§ **WHAT NEEDS TO BE DONE**
Make an exact copy of the listing so that no picture is carried over.

§ **RECORDED DATA**
>>

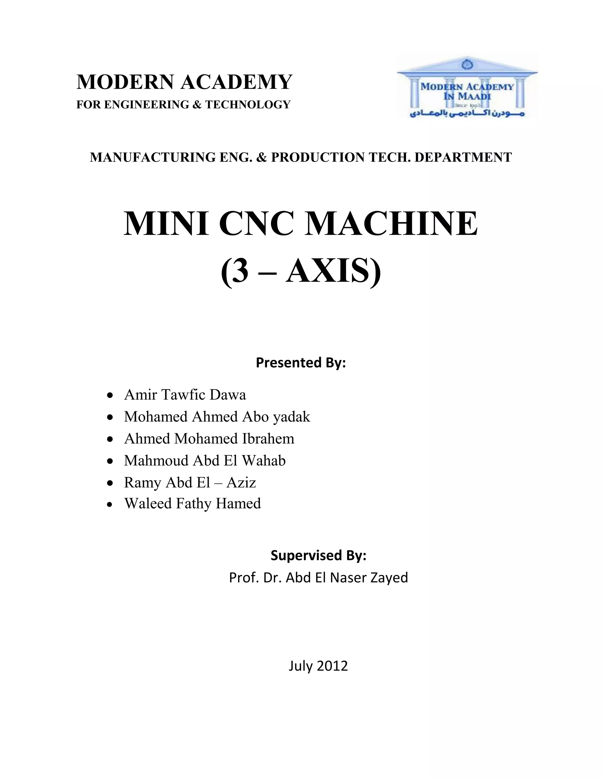 The document outlines the design, manufacturing, and assembly of a mini CNC machine (3-axis), detailing its components, control systems, design principles, and machining processes. It covers key topics such as CNC system elements, CAD/CAM integration, advantages and limitations of CNC technology, and experimental verification of machined parts. The project aims to enhance accuracy and efficiency in manufacturing processes through optimized end milling and effective controller designs.
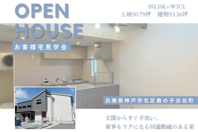 【兵庫県神戸市北区鹿の子台北町】♦約33.26坪3SLDK+WICL♦玄関からすぐ手洗い、 家事もラクになる回遊動線のある家<完全予約制お客様宅見学会>(西宮北店)
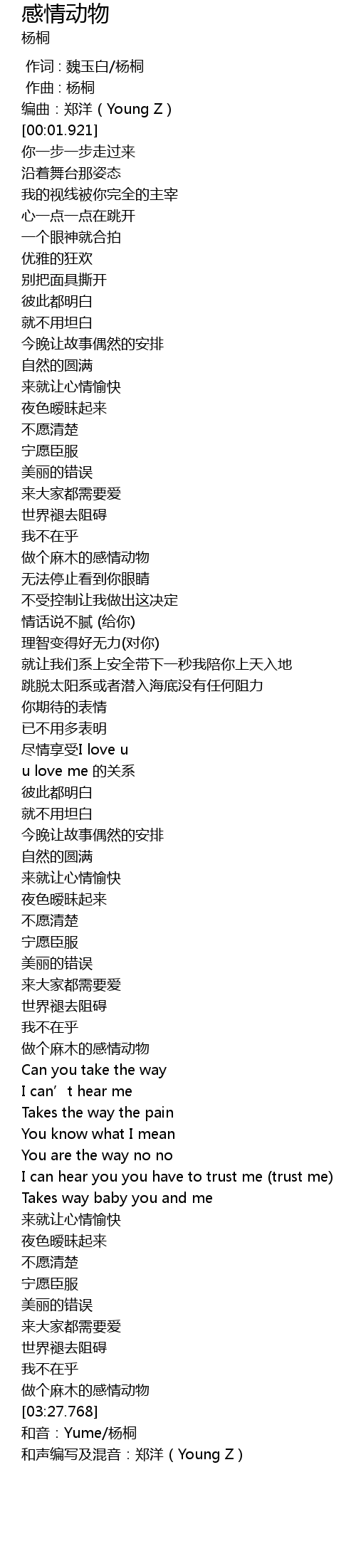 | [02:32.247] | zuò gè má mù de gǎn qíng dòng wù |
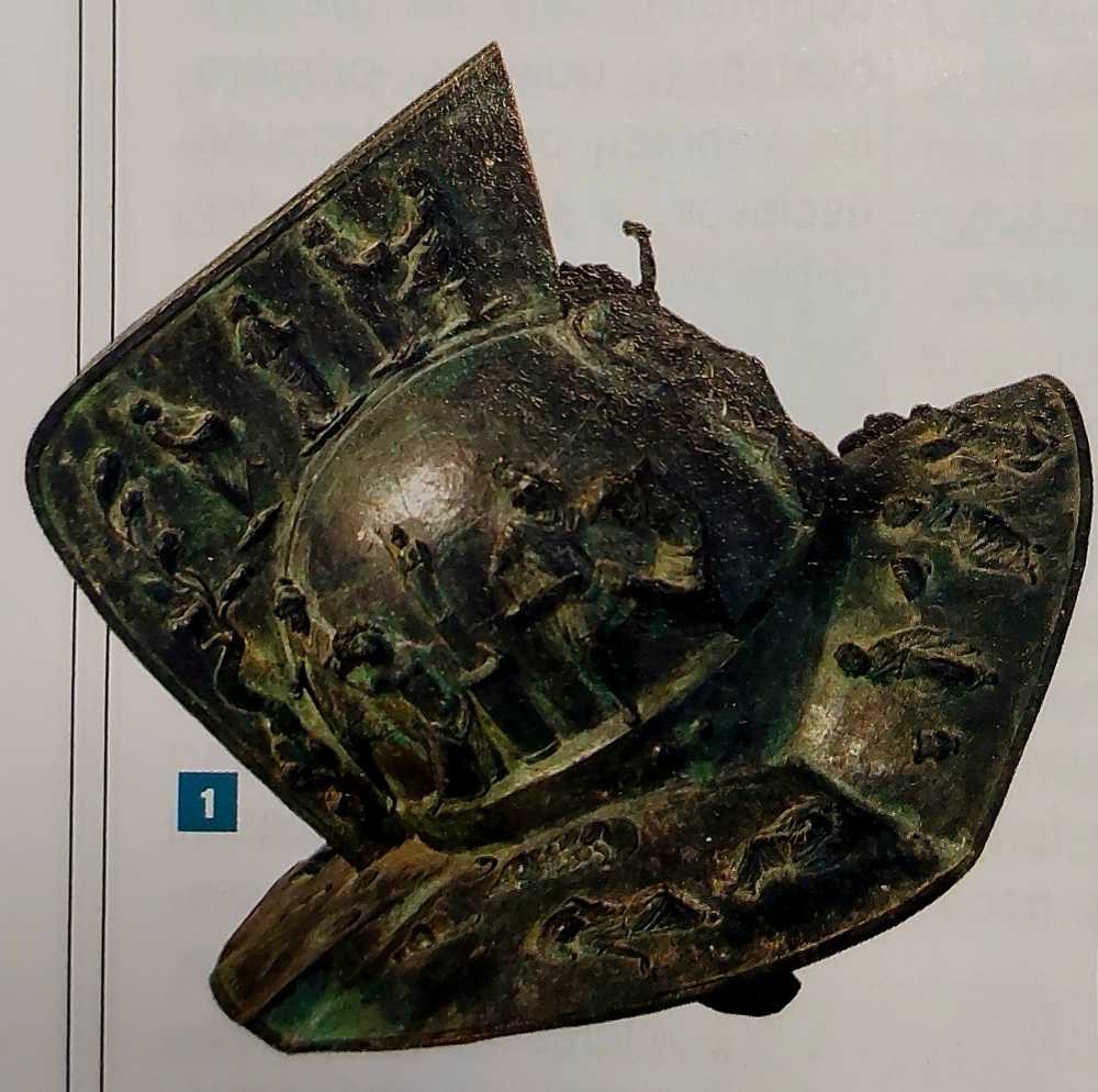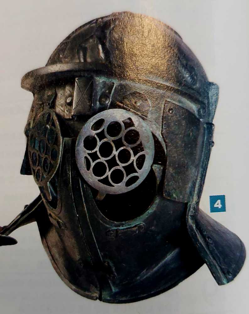 Los participantes no acaban de ponerse de acuerdo en el origen de esta tipología, ni en su forma real, aunque, al parecer es más común en dibujos actuales de gladiadores que en en hallazgos arqueológicos, aún así hay uno que me ha llamado la atención y que voy a incluir en el post.

<<

§ **ANSWER TO THIS PROBLEM**
 The document outlines the design, manufacturing, and assembly of a mini CNC machine (3-axis), detailing its components, control systems, design principles, and machining processes. It covers key topics such as CNC system elements, CAD/CAM integration, advantages and limitations of CNC technology, and experimental verification of machined parts. The project aims to enhance accuracy and efficiency in manufacturing processes through optimized end milling and effective controller designs.
 【兵庫県神戸市北区鹿の子台北町】♦約33.26坪3SLDK+WICL♦玄関からすぐ手洗い、 家事もラクになる回遊動線のある家<完全予約制お客様宅見学会>(西宮北店)
 | [02:32.247] | zuò gè má mù de gǎn qíng dòng wù |
 Los participantes no acaban de ponerse de acuerdo en el origen de esta tipología, ni en su forma real, aunque, al parecer es más común en dibujos actuales de gladiadores que en en hallazgos arqueológicos, aún así hay uno que me ha llamado la atención y que voy a incluir en el post.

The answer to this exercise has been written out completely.